The response should consist only of the lines from the one with "The front garden" to the end of the data below, copied exactly and without pictures.

Information supplied below:

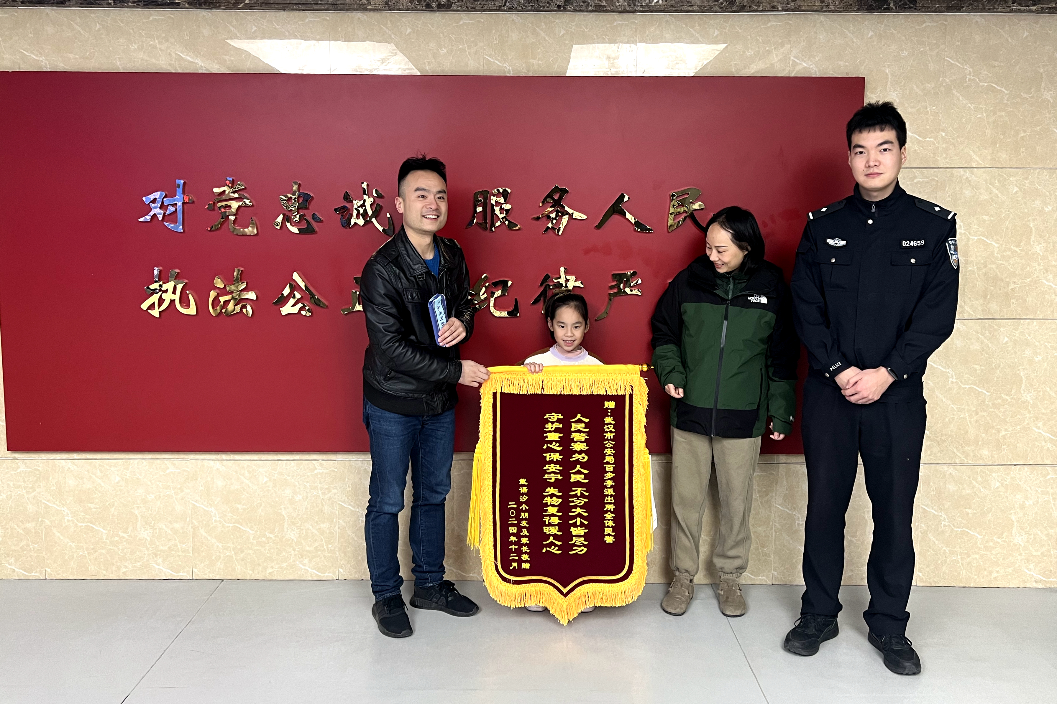 “不分大小皆尽力”,这是我们当时写在锦旗上的话,也是我们家第一次和派出所打交道过程中最大的感触。我们在百步亭派出所遇上的民警和辅警,没有任何一个人轻视这个小小的帆布袋,孩子的纪念品被他们如此重视,让我们全家都特别感动。
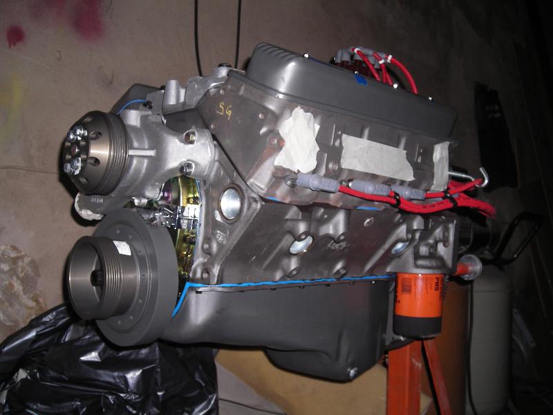 puttin a new 350 it with a few mods done to it. Holly intake, JBA shorty headers, edlebrock 4brl carb. Installed by Steve @ SECTION 8.
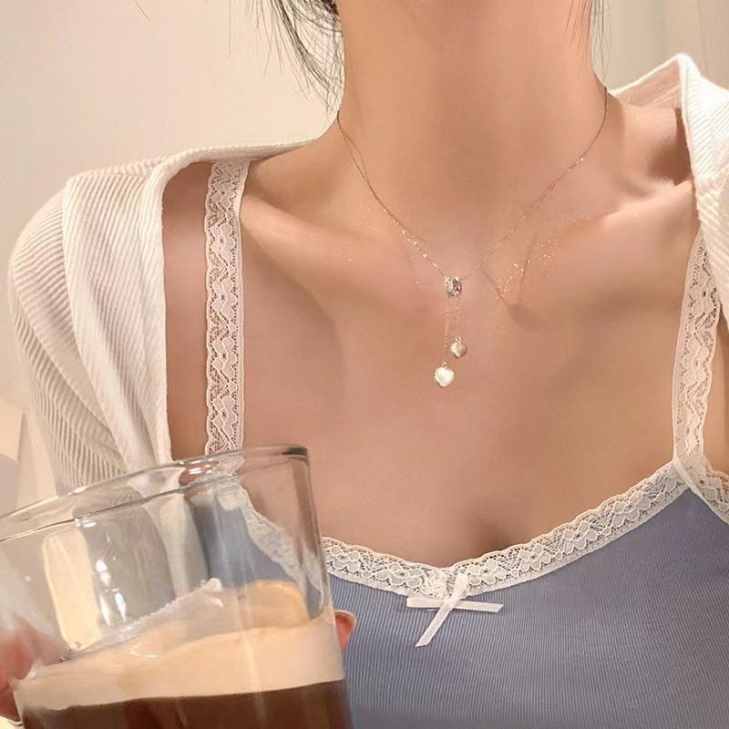 Collar de concha con forma de corazón para niña, cadena de clavícula con borlas, diseño de nicho ligero y lujoso, fácil de combinar, collar de acero de titanio a la moda.
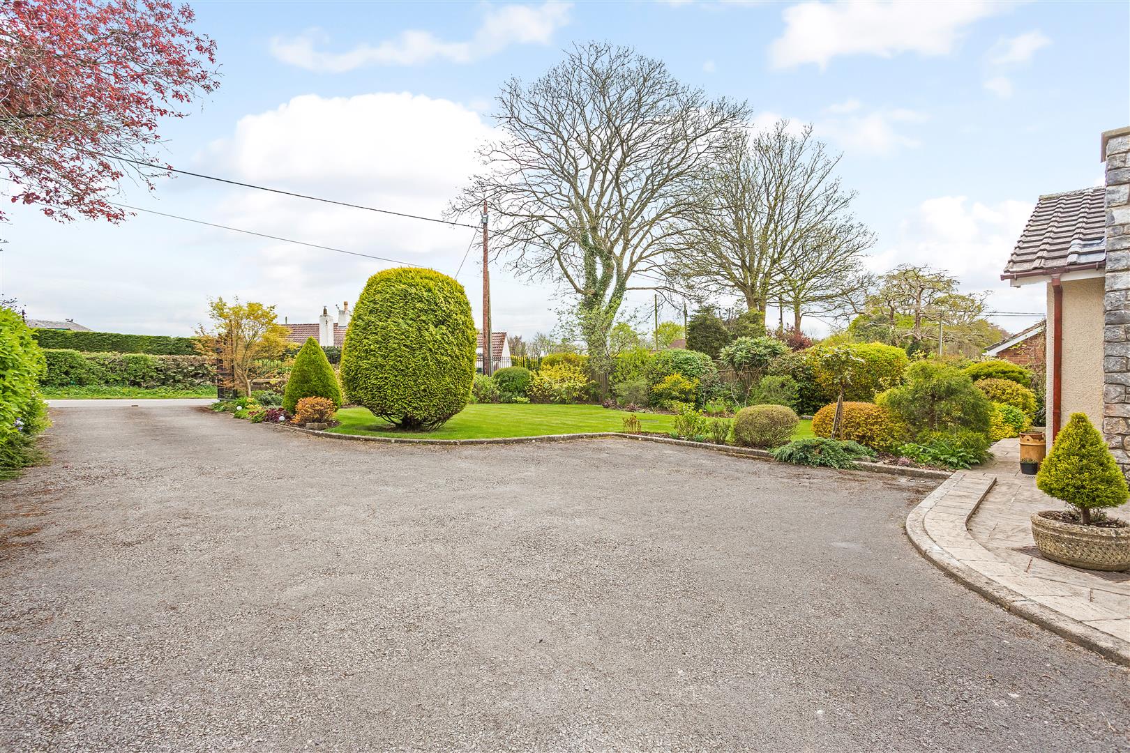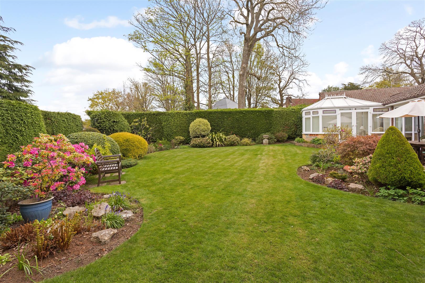 The front garden is attractively landscaped and laid to level lawn with a Tarmacadam driveway accessing Weston Road via automated entrance gates. Ample room for 4/5 cars. The level lawn is surrounded by mature flowerbeds with a wide variety of plant life. External lighting
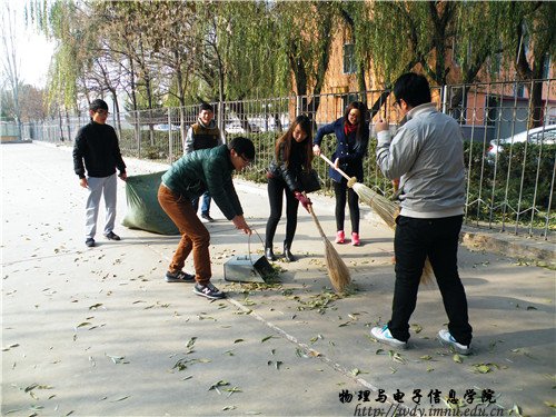本网讯 2014年11月15日午后,我院学生党支部组织第十期入党积极分子进行社会实践活动——清扫校园。活动中,入党积极分子们分成若干小组,成员们积极主动、各司其职,尽管天气严冷,但他们仍在坚守自己的工作,体验作为一名基层工作者的辛苦。通过此次活动,我院入党积极分子不仅体会到劳动光荣的真谛,更体现出我党为人民服务的优良传统;同时,也体现出他们正在用实际行动向党组织靠拢,有力的促进了我院党建工作的开展。

End of Information supplied.

Expected answer »
 The front garden is attractively landscaped and laid to level lawn with a Tarmacadam driveway accessing Weston Road via automated entrance gates. Ample room for 4/5 cars. The level lawn is surrounded by mature flowerbeds with a wide variety of plant life. External lighting
本网讯 2014年11月15日午后,我院学生党支部组织第十期入党积极分子进行社会实践活动——清扫校园。活动中,入党积极分子们分成若干小组,成员们积极主动、各司其职,尽管天气严冷,但他们仍在坚守自己的工作,体验作为一名基层工作者的辛苦。通过此次活动,我院入党积极分子不仅体会到劳动光荣的真谛,更体现出我党为人民服务的优良传统;同时,也体现出他们正在用实际行动向党组织靠拢,有力的促进了我院党建工作的开展。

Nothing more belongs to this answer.